There is no doubt that the oil crisis will inevitably trigger a “green energy surge.” Looking ahead five years, the actual generation share of green energy will exceed 50%. Assuming nuclear can grow to 10% of actual generation and renewables grow by 8%, China’s additional revenue from the global renewable energy business in the next five years could reach the level of hundreds of billions of dollars.

From this perspective, China—which strongly supported green energy development from the very beginning of the climate agenda—did so not so much for carbon reduction as for industrial preparation in the name of energy security. Expanding the global new energy business is merely an added value.

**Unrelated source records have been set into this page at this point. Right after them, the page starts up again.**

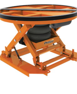 The All-Around Pneumatic Airbag Leveler features a reinforced heavy-duty airbag that inflates as needed and can handle loads as heavy as 4,500 pounds, while the All-Around Spring Load Leveler features heavy-duty springs and shock absorbers to easily and comfortably raise or lower pallets as you add or remove boxes. The All-Around Spring unit is generally preferred when you are working with more or less consistent weights. Both machines have turntable tops with anti-friction bearings so you can easily spin the load to face you without having to walk around it.
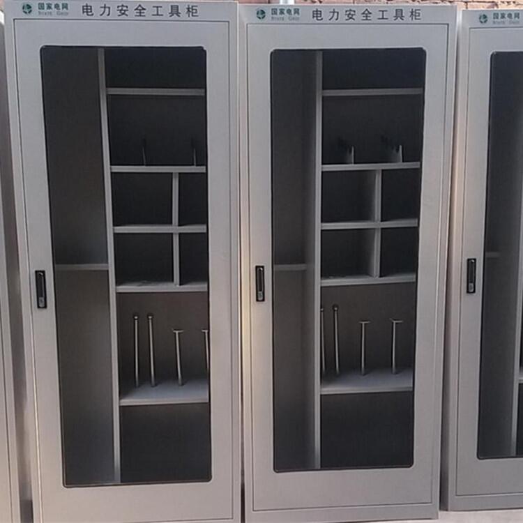 2. 柜体表面为静电防腐喷塑工艺,颜色为驼灰皱,柜门装有通体透明有机玻璃,透过玻璃门可以看到分类有序的各种工器具。
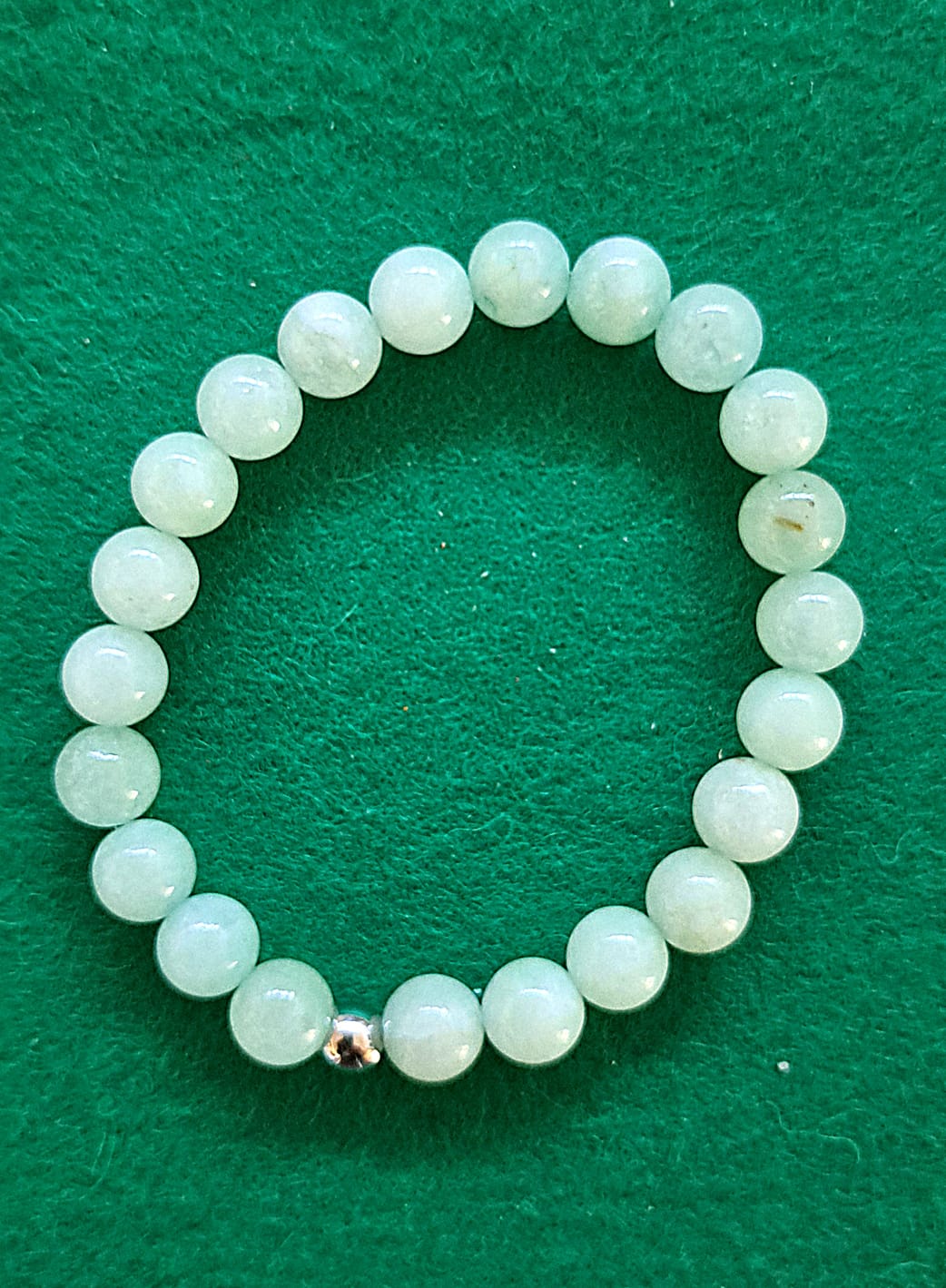 Náramok z polodrahokamov. Angelit 8mm, korálky z nehrdzavejúcej ocele, na pružnom lanku. Obvod 16 cm.
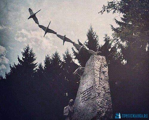 После посещения памятника Расул Гамзатов написал стихотворение, но очень сложно ему было подобрать рифму на слово гуси — он специально звонил в министерство культуры Северной Осетии, с просьбой заменить слово «гуси», словом «журавли». Такое позволение ему было дано.
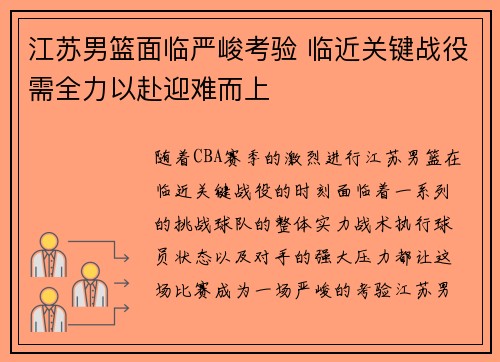 随着CBA赛季的激烈进行,江苏男篮在临近...
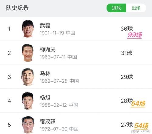 在國家隊(duì),武磊以99場比賽進(jìn)36球的數(shù)據(jù)排在歷史射手榜的首位,但是要論效率他依然不是最佳的那個。比如楊旭和宿茂臻的進(jìn)球數(shù)雖然只有28個和27個,但是他倆的出場次數(shù)均只有54次。
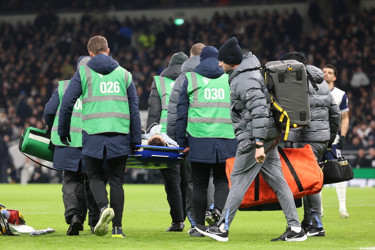 ROMA, 08 GEN - Paura per Rodrigo Bentancur durante Tottenham-Liverpool, semifinale di andata della Carabao Cup o coppa di Lega inglese.

Of course, the key technologies for manufacturing new energy equipment may be even more important than critical minerals. Last November, China imposed export controls on certain lithium batteries, key cathode and anode materials, and their manufacturing equipment and technologies. Given that China controls about 96% of global anode material production capacity and 85% of cathode material capacity, the impact of these export controls is enormous.

On April 15, according to Reuters, China has held preliminary consultations with solar panel production equipment suppliers and is considering restricting exports of the most advanced technologies and equipment to the United States. If true, Beijing is raising the stakes in new energy, waiting for Trump to come to the negotiating table in May.

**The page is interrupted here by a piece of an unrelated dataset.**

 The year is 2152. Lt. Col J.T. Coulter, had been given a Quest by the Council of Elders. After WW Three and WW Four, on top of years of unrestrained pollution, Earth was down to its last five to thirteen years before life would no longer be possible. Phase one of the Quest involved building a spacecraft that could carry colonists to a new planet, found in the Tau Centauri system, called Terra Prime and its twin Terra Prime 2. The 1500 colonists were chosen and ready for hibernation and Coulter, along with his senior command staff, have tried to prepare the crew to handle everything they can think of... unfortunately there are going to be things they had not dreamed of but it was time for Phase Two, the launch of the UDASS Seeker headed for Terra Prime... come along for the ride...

Admittedly, Trump has no intention of developing new energy. However, considering that the Democrats may return to the White House in three years, Beijing is now blocking America’s path to new energy development, essentially laying the groundwork for U.S.-China competition three years from now.

If Trump’s energy strategy map on the table also included a new energy layer, he should realize that the setback in the Iran war has allowed the new energy domain to encroach upon the traditional energy domain, enabling China to expand its energy power without firing a single shot. As for critical minerals, the United States has made no outstanding progress—at least nothing sufficient for Trump to boast about.

Now, the “cake” being pushed in front of Xi Jinping is getting bigger and bigger. On the surface, Beijing has gained it effortlessly, but today’s harvest is mainly due to strategic 布局 made one step ahead. These layouts are often “low-profit” but highly effective investments, and new energy is merely one of them.

In an uncertain world, those who provide “certainty” win. Therefore, the winner of the Iran war is China—even if Beijing is extremely reluctant to admit it.